FileWare drives use 62.5 tracks per inch rather than the standard 48 or 96 TPI, and use high flux density (comparable to the later IBM 1.2MB format introduced with the PC/AT). This requires custom high-density media. The coercivity required is similar to that of the 1.2MB format, so it is possible to modify the jacket of 1.2MB diskettes for use in a FileWare drive.
The disk format uses group coded recording (GCR) in a manner very similar to that of the Disk II. The drive contains circuitry to allow software control over the motor speed, which is used to maintain near constant flux transition rate on all tracks, so that more data can be stored on the outer tracks.
Each physical sector stores 512 data bytes and 12 tag bytes. Each side of the disk had 46 tracks, and the number of sectors per track varies from 15 to 22. This results in 851 sectors per side, or a total capacity of 871,424 bytes.[5] The Lisa Hardware Manual doesn't explicitly state the total number of sectors, but page 173 states that there are 4 tracks of 22 sectors, 7x21, 6x20, 6x19, 6x18, 6x17, 7x16, and 4x15. The controller uses similar circuitry to the Disk II controller, but runs at twice the clock rate. The controller uses a dedicated MOS 6504 microprocessor; in the Lisa this is on the system I/O card, and for the UniFile/DuoFile products, it is on an interface card that plugs into a peripheral expansion slot. The Lisa 2/10 and Macintosh XL I/O card use the IWM controller chip to replace the TTL chips of the earlier design.

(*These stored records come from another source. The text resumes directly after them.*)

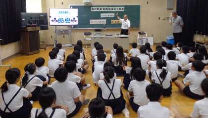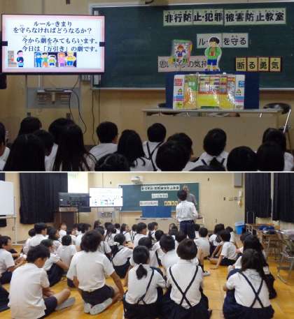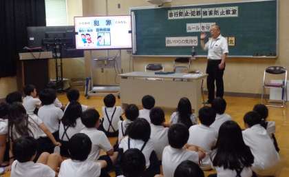 「非行」とは悪い行いのことで、法律やルールを破る行いのことです。社会のルールを守る大切さや、人を思いやることが大事なこと、いけないことを断る勇気が必要なことなど、スライドショーやペープサートを使って分かりやすく説明していただきました。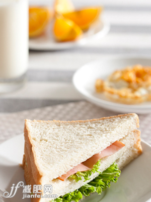 用不粘锅的话煎蛋就无须放食用油,再取两片全麦切片面包,还可以按自己的口味加火腿,生菜和脱脂色拉酱即可;用时令水果调配不同的果汁,鲜橙胡萝卜汁,甜瓜苹果汁,纯猕猴桃汁,纯黄瓜汁都会是很好的选择。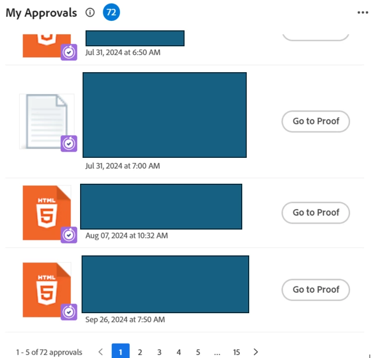 Sorting of proof approvals from newest to oldest in Adobe Workfront Homepage
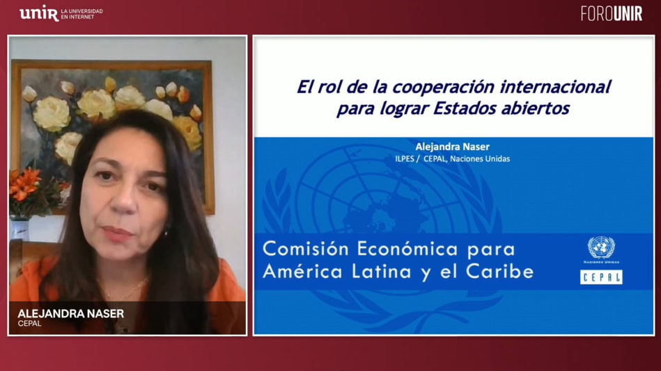 En el foro, presentado y moderado por el director de Foro UNIR, Jorge Heili, participaron Lola Arranz Madrid, vicedecana de la Facultad de Derecho de UNIR; Alejandra Naser, especialista del Área de Gestión Pública y Gobierno Abierto de CEPAL; José Luis Ros Medina, director académico del Máster Universitario en Administración Electrónica y Gobierno Abierto de UNIR; Rosario Pavese, líder de Américas en Open Government Partnership; y Ester Kaufman, presidenta de la Red Académica de Gobierno Abierto Internacional (RAGA).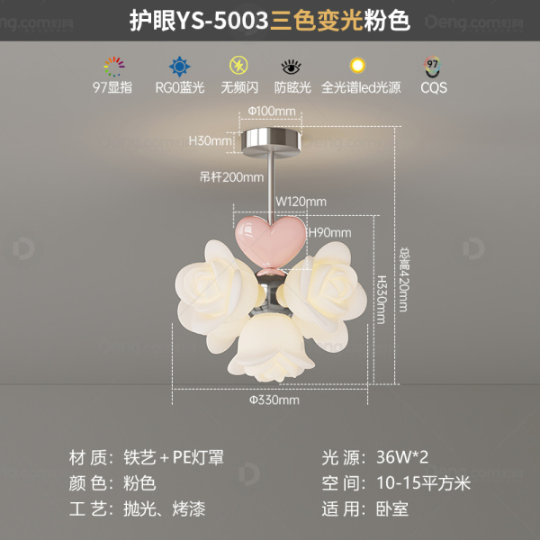 鸿瑞灯饰铁艺书房/卧室喷手漆奶油风吊灯 头数:3头 型号:YS-5003三色变光粉色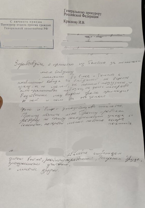 В Генпрокуратуре России заявление у него тоже приняли (имеется в распоряжении редакции ТВ2). В заявлении С. написал, что за «бабушкой не ведется уход, ее не лечат, не меняют подгузник и противопролежневые повязки, не дают лекарства. Родственник под видом врача приходит к ней и сам все это делает. Прошу помочь мне. Прошу провести проверку по факту ненадлежащего ухода за больным».
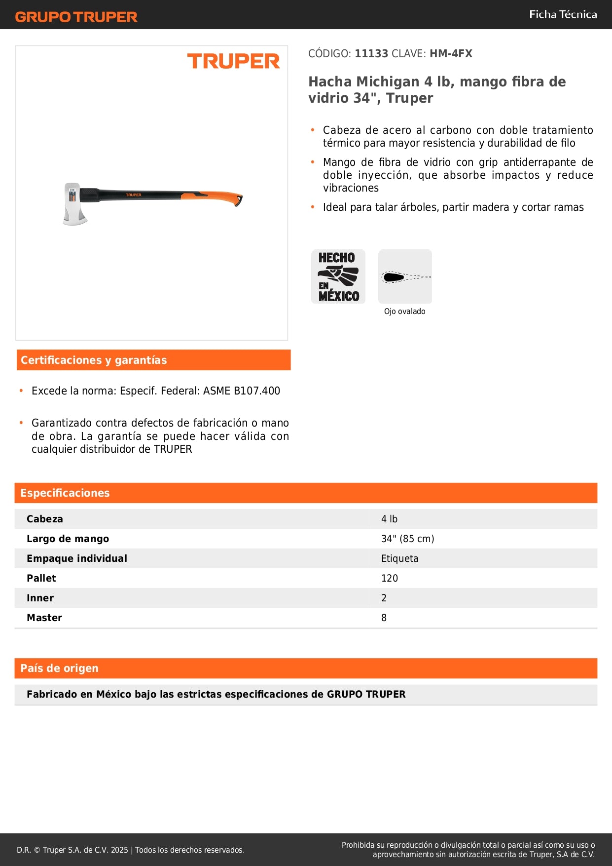 Hacha Michigan Truper 4 lb - Herramienta Profesional de Alto Rendimiento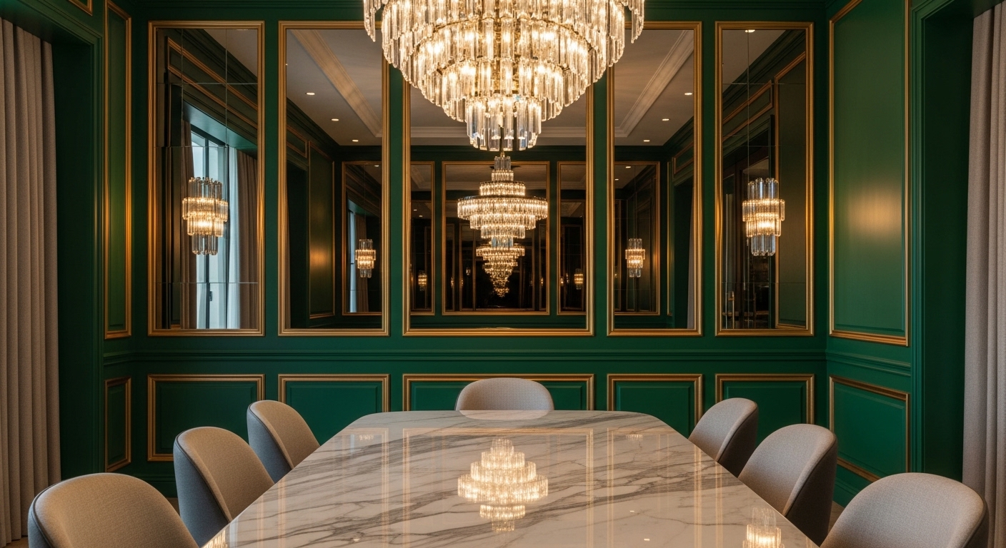 Mirrored sections also double the impact of chandeliers or candlelight—perfect for evening dining.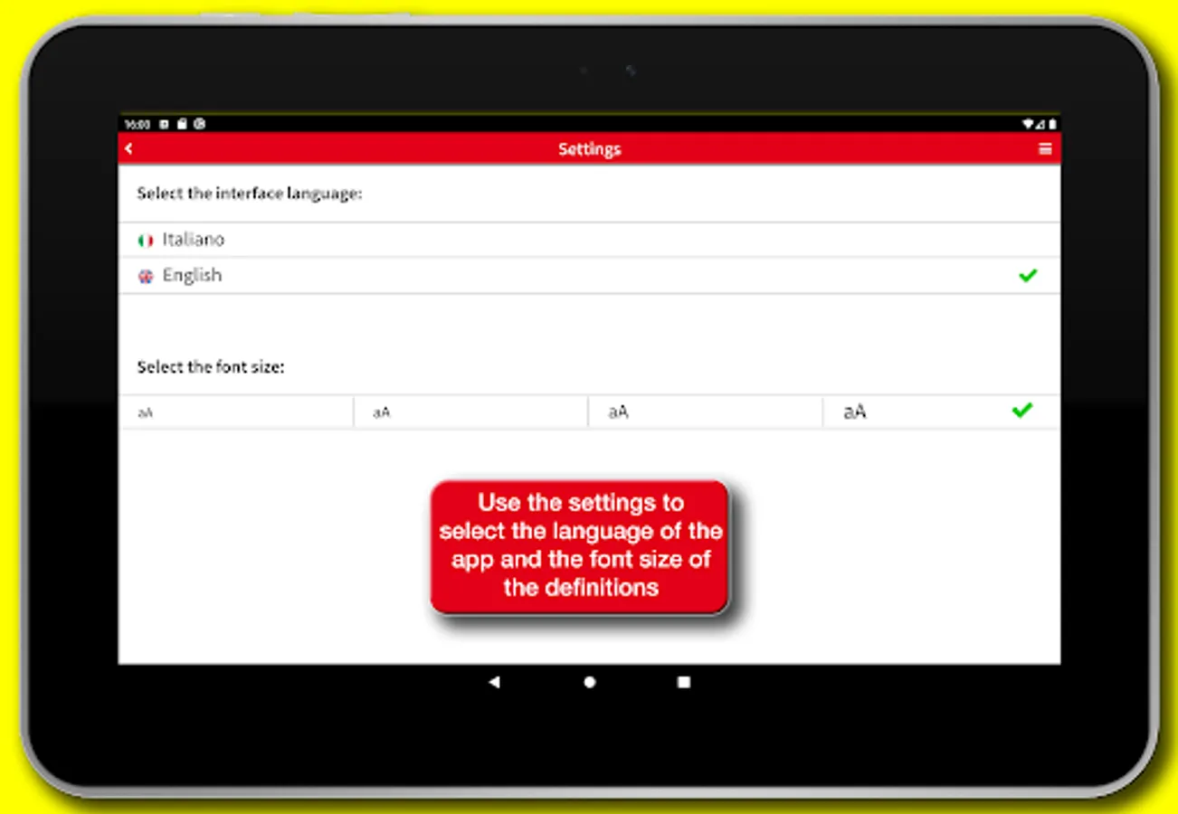 • Settings: allows you to choose the font size of the definitions and the language of the interface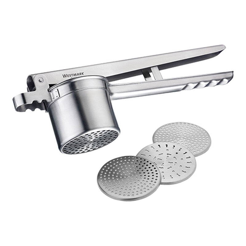 de pureepers wordt geleverd met 4 verwisselbare schijven voor o.a. puree, spätzle, spaghetti-ijs en meer. Het gekartelde handvat en de pansteun zorgen voor een stabiele plaatsing op de pan en een stevige grip. Het hoogwaardige roestvrij staal is na gebruik eenvoudig te reinigen in de vaatwasser
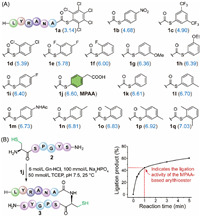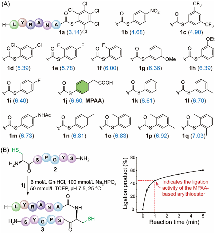 | Fig. 1. Assessment of the ligation activity of arylthioesters. (A) Structures of 17 representative arylthioesters, with the pKa values of their corresponding arylthiols shown in blue within parentheses. (B) Illustration of the method for evaluating the ligation activity of arylthioesters. | |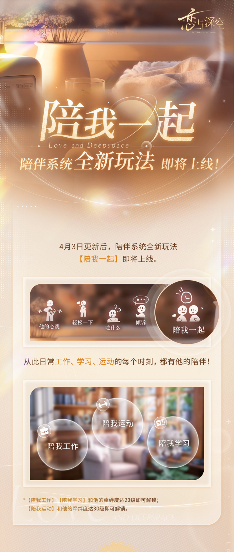 #恋与深空#|陪伴系统全新玩法「陪我一起」即将上线! 运动、工作、学习……每天进步多一点,想做的事都有他陪在身边。 🏃一起运动!360°沉浸锻炼陪伴 和他的牵绊度达30级,即可解锁「陪我运动」功能。 1.邀请他一起完成运动目标吧!他会换上运动装束,陪你一起完成锻炼计划。 2.挥洒汗水、心跳加速的过程中……他的状态会和你一起变化,感受起伏的呼吸吧! 3.拖动或缩放屏幕仔细观察他吧,每个细节都是努力的证明! 📖一起学习&工作!面对面的专注时刻 和他的牵绊度达20级,即可解锁「陪我工作」「陪我学习」功能。 1.设定学习或工作时长,他会和你面对面,陪你一起完成任务。 2.为他推荐的日常服装、饰品,他都会在陪你一起时穿着,给你带去完成任务的好心情! 🏆陪伴打卡!奖励坚持的每一天 1.每完成一次陪伴计划,都会记录到你和他的「打卡日历」中。 2.每周完成「本周计划」中的陪伴任务,可获得「黑电能量、辉曜磁石、加速魔方」等道具奖励。 3.和他完成30天运动打卡,即可免费获得他的「日常运动装扮」及钻石奖励! 更多沉浸式陪伴体验,等待猎人们4月3日进入游戏亲自开启! --------------------------------- 👉点我一键开启云玩[cloudgaming://startgame?game_code=lysk]👈 👉点我前往抽取648R游戏基金[https://cloudgame.webapp.163.com/pt/?id=650959321fc75bbbb837628d]👈

FileWare drives proved to be somewhat unreliable. In early 1984, Apple introduced the Lisa 2, which uses a single 3½ inch Sony floppy drive in place of the two FileWare drives of the original Lisa. A free upgrade was offered to Lisa 1 owners.[6]
The nature of models with "Twiggy" floppy drives being prototypes typically meant they were therefore often destroyed around the time of original production. With the increased interest in old and rare Apple items, from the 2010s onwards, non-destroyed original models found in collections have often gone-on to sell for relatively high prices at auction.[7]